Reviews

Janelle Monae
Dirty Computer

(Atlantic)

7/10

Janelle Monáe has inhabited an alternate creative universe since 2007’s ‘Metropolis: Suite I (The Chase)’, the EP that first introduced her android alter-ego Cindi Mayweather. Refracted through the prism of Afrofuturism, the Atlanta-based artist’s imagination thrived, and her output set progressively higher benchmarks, first with 2010’s acclaimed debut-proper ‘The ArchAndroid’ and then 2013’s exquisite ‘Electric Lady’. For her next challenge, Monáe’s chosen to strip away the artifice and reveal her true self; a task she reportedly found so daunting that she deferred it as long as possible (though you’d imagine that burgeoning acting career diverted her attentions too).

And yet, as is implicit in its title – and in double entendres like ‘Take A Byte’ – ‘Dirty Computer’ isn’t quite the volte face you might be bracing yourself for.
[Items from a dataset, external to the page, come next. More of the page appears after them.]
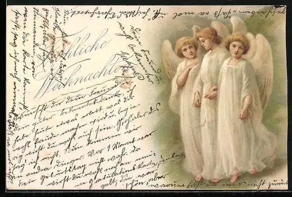 AK Drei Engel laufen Hand in Hand, Fröhliche Weihnachten
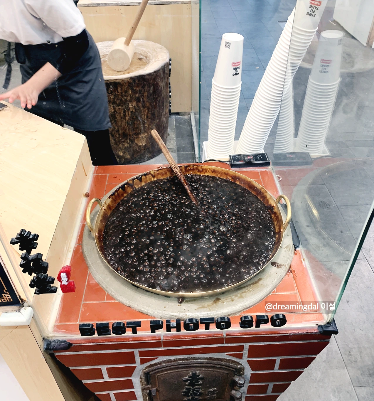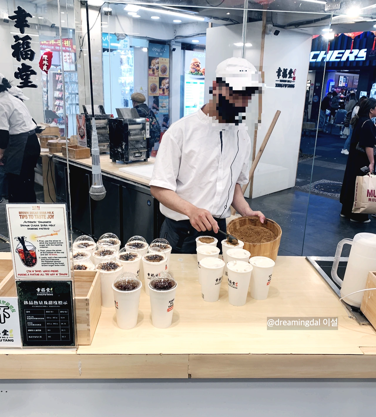 한쪽에서는 흑당을 만들고 다른 한쪽에서는 우유를 붓고 토치로 불맛을 입히는 과정이 쉼 없이 이어졌다.
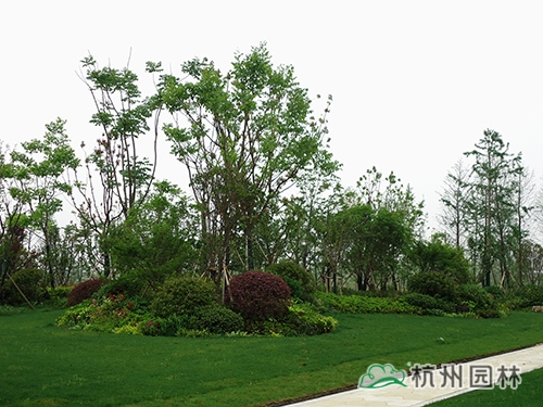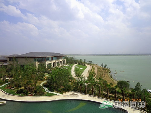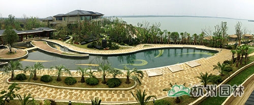 該酒店的景觀工程(一標段)由杭州市園林綠化股份有限公司承建,工程施工面積10萬余平方,施工內容包括綠化種植、硬質鋪裝、園路施工、景觀小品工程、樁基工程、給排水系統工程及景觀照明系統等。作為一個綜合性園林工程,該工程施工內容多,工程量大,工藝相對復雜,對施工技術的要求較高。
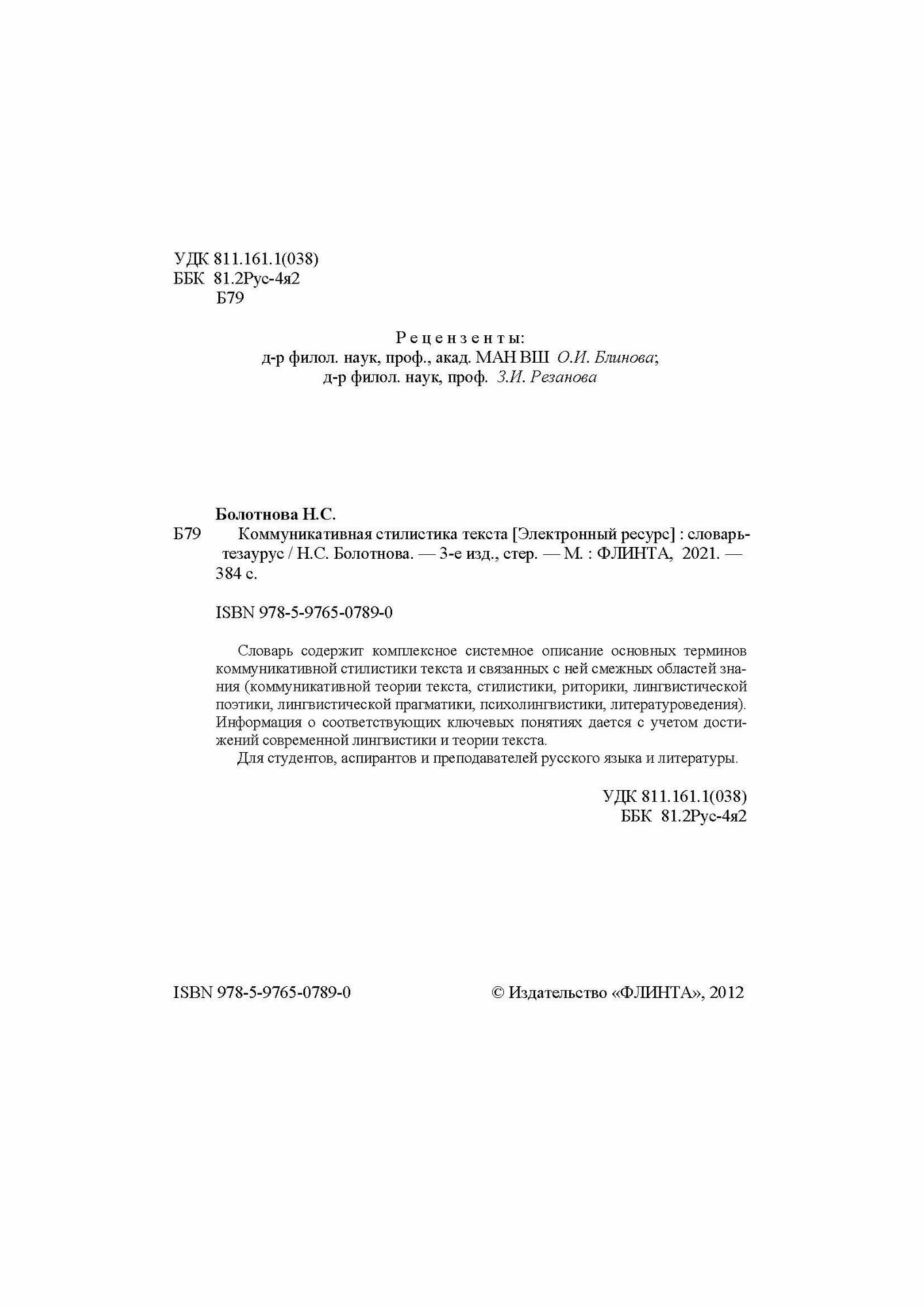 Словарь содержит комплексное системное описание основных терминов коммуникативной стилистики текста и связанных с ней смежных областей знания (коммуникативной теории текста, стилистики, риторики, лингвистической поэтики, лингвистической прагматики, психолингвистики, литературоведения). Информация о соответствующих ключевых понятиях дается с учетом достижений современной лингвистики и теории текста.

Monáe’s creative domain remains impressively high-concept, as demonstrated by the record’s billing as an “emotion picture”, delivered as part of a package with “an accompanying narrative film.” Even putting these immaculately styled and choreographed visuals to one side, the eponymous opening track lays bare the scale of her ambitions, its laidback groove carrying an extremely rare cameo from Brian Wilson and his balmy, multi-tracked harmonies. Meanwhile, the spectre of Monáe’s late-mentor Prince hangs over the openly-nostalgic ‘Kiss’-lite funk of ‘Make Me Feel’ and in the ‘Let’s Go Crazy’-aping synth bursts on closing track, ‘Americans’.
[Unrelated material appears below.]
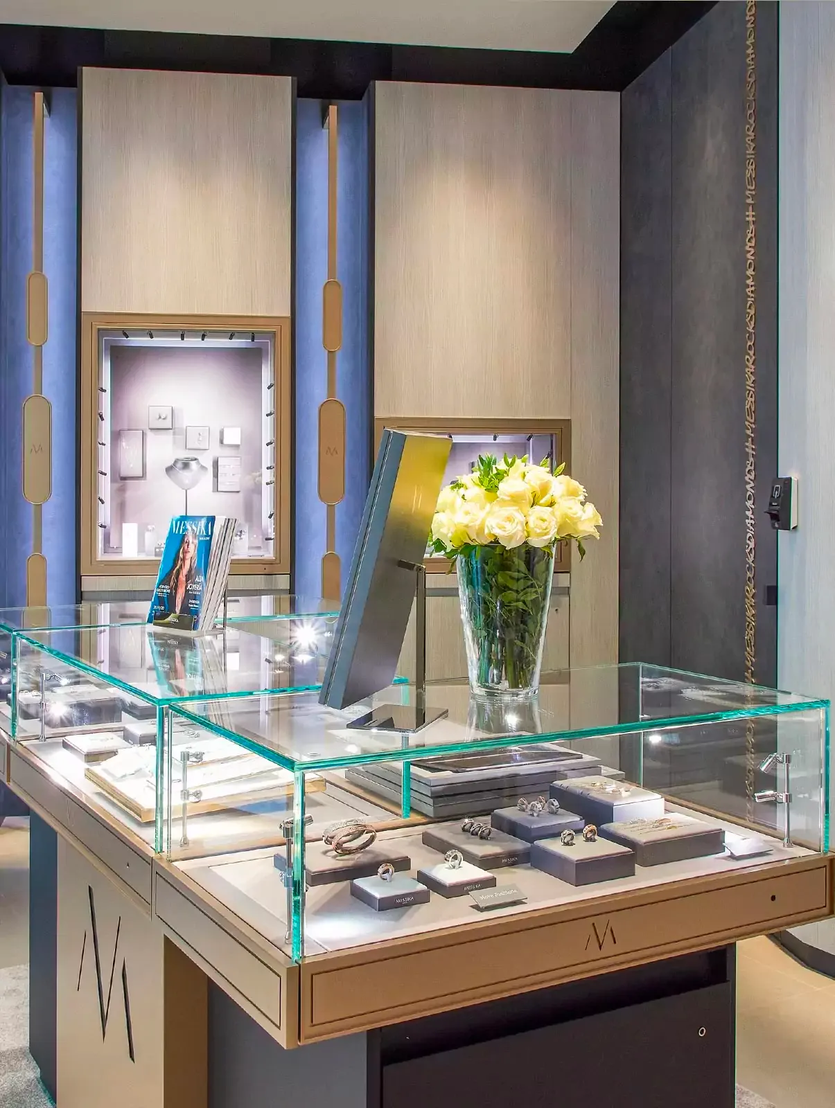 La boutique située sur l’iconique avenue Passeig de Gràcia, a été réalisée par Sophie Reulet, chef du studio créatif Messika avec l’œil avisée de Valérie Messika. Dès son entrée dans le magasin, le client est immédiatement plongé dans un environnement portant les valeurs de la Maison de Joaillerie et Haute Joaillerie Messika.

Prince’s influence is felt much more effectively in the record’s celebration of sexuality and gender fluidity, be that in the interchangeable pronouns and carpe diem messaging powering ‘Crazy, Classic, Life’, or in demands to be “screwed like an animal” in the 80s-flavoured Zoe Kravitz-duet ‘Screwed’. The latter segues impressively seamlessly into the slick, orchestral hip hop of ‘Django Jane’, celebrating female and black excellence via bars like, “Black girl magic, y’all can’t stand it.” Meanwhile, the celebratory middle-section is concluded with the album’s weakest and strongest tracks respectively (clunky Pharrell duet ‘I Got The Juice’ versus ‘I Like That’, which mixes defiant messaging with a dreamy mix of trap and R&B).
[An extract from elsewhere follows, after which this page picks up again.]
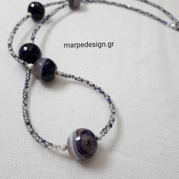 ΚΜΠΓ048-Κολιέ με μαύρους αχάτες και μαργαριτάρια

It’s interesting that Monáe was so reticent to reveal more, particularly as the concessions she’s made don’t result in a more candid depiction of her personality. As a listener, you come away from the record with a strong grasp of her politics around race, gender and societal inequality (see the spoken word samples on ‘Americans’ and soundbites like, “This pussy grabs back,”) but little sense of any emotional vulnerability. Still, as complex, agenda-pushing pop goes, ‘Dirty Computer’ is undeniably impressive.